Comparative Effectiveness Reviews, No. 104

Investigators: , MD, MS, , PhD, , MD, , MS, , BS, , PhD, , MD, PhD, , MD, PhD, , MD, and , MD.

Tufts Evidence-based Practice Center
Rockville (MD): Agency for Healthcare Research and Quality (US); .
Report No.: 13-EHC055-EF

Structured Abstract

Background:

Several intravascular diagnostic techniques provide detailed information regarding the narrowing (stenosis) of the lumen of coronary arteries. They are increasingly used in addition to angiography during coronary artery stenting.

Purpose:

To systematically review the comparative effectiveness of intravascular diagnostic techniques versus angiography alone in patients with coronary artery disease who are undergoing percutaneous coronary interventions for the following objectives: (a) to decide whether a coronary lesion needs to be stented; (b) to guide and optimize stent deployment; (c) to assess whether stent placement was successful; and (d) to evaluate the factors influencing the diagnostic techniques' effect on outcomes.

Data sources:

MEDLINE®, Cochrane Central Register of Controlled Trials, recent conference proceedings, and ClinicalTrials.gov.

Study selection:

We included studies of any design and duration of followup, without any language or sample size restriction. We excluded studies that did not directly compare the use of an intravascular diagnostic technique with angiography alone or another intravascular diagnostic technique to decide whether to stent or to guide coronary artery stenting.

Data extraction:

We extracted details on study population characteristics and results, and assessed studies for risk of bias. We evaluated therapeutic decisionmaking outcomes, intermediate outcomes, and patient-centered outcomes. We appraised strength of evidence primarily based on studies rated as having a low or medium risk of bias.

Data synthesis:

In total, 37 eligible studies evaluated two of the intravascular diagnostic techniques, namely fractional flow reserve (FFR) and intravascular ultrasound (IVUS).

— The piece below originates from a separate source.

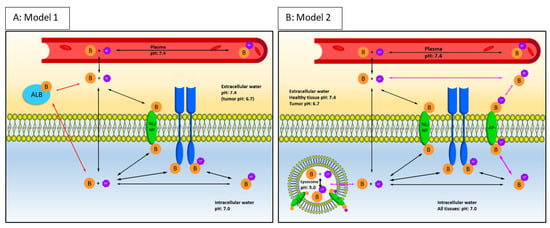 Schematic overview of the final mechanistic PBPK models for weak basic or acidic EGFR-TKIs (A: Model 1) and strong basic EGFR-TKIs (B: Model 2). The plasma compartment is depicted in red, extracellular space in yellow and intracellular space in blue. Orange hexagons “B” (base) depict the drug; purple hexagons depict H+ atoms. When depicted together, bases are protonated. When depicted separately, the base is unprotonated. Blue receptors depict epidermal growth factor receptor (EGFR), green ovals over the cell membranes are neutral (phospho)lipids (NL/NP) and acidic phospholipids (AP-). Light blue ALB is a representation of albumin. Black arrows depict processes that are included in both models, red/purple arrows depict processes specific for each model. pH values for each compartment are given. Equations for model 1 and 2 below and the model structure are further explained in the Supplemental Materials S-II,III. B = basic unprotonated drug, BH+ = protonated drug, AP- = acidic phospholipids, NL = neutral lipids PL = phospholipids, ALB = albumin, EGFR = epidermal growth factor receptor.

There is a moderate strength of evidence (drawn from one randomized controlled trial [RCT] and one nonrandomized study) that the use of FFR, as compared with angiography alone, supports the following: (a) FFR is effective in helping to decide whether intermediate coronary lesions (defined as 50% to 70% stenosis) require stenting; (b) FFR confers a lower risk of the composite endpoint of death or myocardial infarction (MI) or of major adverse cardiac events; and (c) FFR leads to fewer stents implanted and reduces the cost of the procedure. Regarding the comparison of IVUS-guided stenting and stent placement guided by angiography alone, there is a moderate strength of evidence (drawn from 9 RCTs and 22 nonrandomized studies) that supports no significant difference between the two approaches in mortality or MI, but a significant reduction in repeat revascularizations and restenosis with IVUS-guided stenting. There is insufficient evidence concerning the use of intravascular diagnostic techniques immediately after percutaneous coronary interventions to evaluate the success of stenting compared with angiography or for direct comparisons between intravascular diagnostic techniques. There is a moderate strength of evidence (on the basis of one large nonrandomized study) that sex, diabetes mellitus status, lesion length, and reference diameter among those undergoing IVUS- and angiography-guided stent placement had no significant association with major adverse cardiac events or its individual components. There is insufficient evidence to evaluate the comparative effect of intravascular diagnostic techniques other than FFR and IVUS.

Limitations:

Studies evaluating FFR and IVUS were limited by incomplete outcome reporting, heterogeneity in outcome definitions, infrequent enrollment of women, and a lack of data on patients with left main coronary artery disease or acute MI. The evidence for FFR was derived from trials that focused on patients with lower grade angina or those with nonischemic intermediate coronary stenosis. The majority of the IVUS trials were conducted before 2000, a particularly important limitation given the rapid pace of technological advancement in this domain.

Conclusions:

There is a moderate strength of evidence that the use of FFR (as compared with angiography alone) to decide whether or not to stent an intermediate coronary lesion confers a lower risk of composite endpoint of death or MI, or of major adverse cardiac events; leads to fewer stents being implanted; and reduces procedural costs. There is a moderate strength of evidence that the use of IVUS (as compared with angiography alone) to guide optimal stent placement reduces repeat revascularization and restenosis, but does not affect mortality or MI. Future studies will need to focus on women and on patients with more severe coronary artery disease, and to evaluate longer term (on the order of years) patient outcomes to better appreciate real world effectiveness. Stenting low-risk lesions may lead to additional invasive tests or treatments that could adversely impact long-term outcomes. Further research is also needed to evaluate the use of hybrid and novel intravascular diagnostic techniques.

Contents

540 Gaither Road, Rockville, MD 20850; www​.ahrq.gov

Prepared for: Agency for Healthcare Research and Quality, U.S. Department of Health and Human Services1, Contract No. 290-2007-10056-I. Prepared by: Tufts Evidence-based Practice Center, Boston, MA

Suggested citation:

Raman G, Yu W, Ip S, Salvi P, Kong Win Chang L, Iovin RC, Rao M, Kitsios GD, Alonso A, Lau J. Intravascular Diagnostic Procedures and Imaging Techniques Versus Angiography Alone in Coronary Artery Stenting: Comparative Effectiveness Review. Comparative Effectiveness Review No. 104. (Prepared by the Tufts Evidence-based Practice Center under Contract No. 290-2007-10055-I.) AHRQ Publication No. 13-EHC055-EF. Rockville, MD: Agency for Healthcare Research and Quality. February 2013. www.effectivehealthcare.ahrq.gov/reports/final.cfm.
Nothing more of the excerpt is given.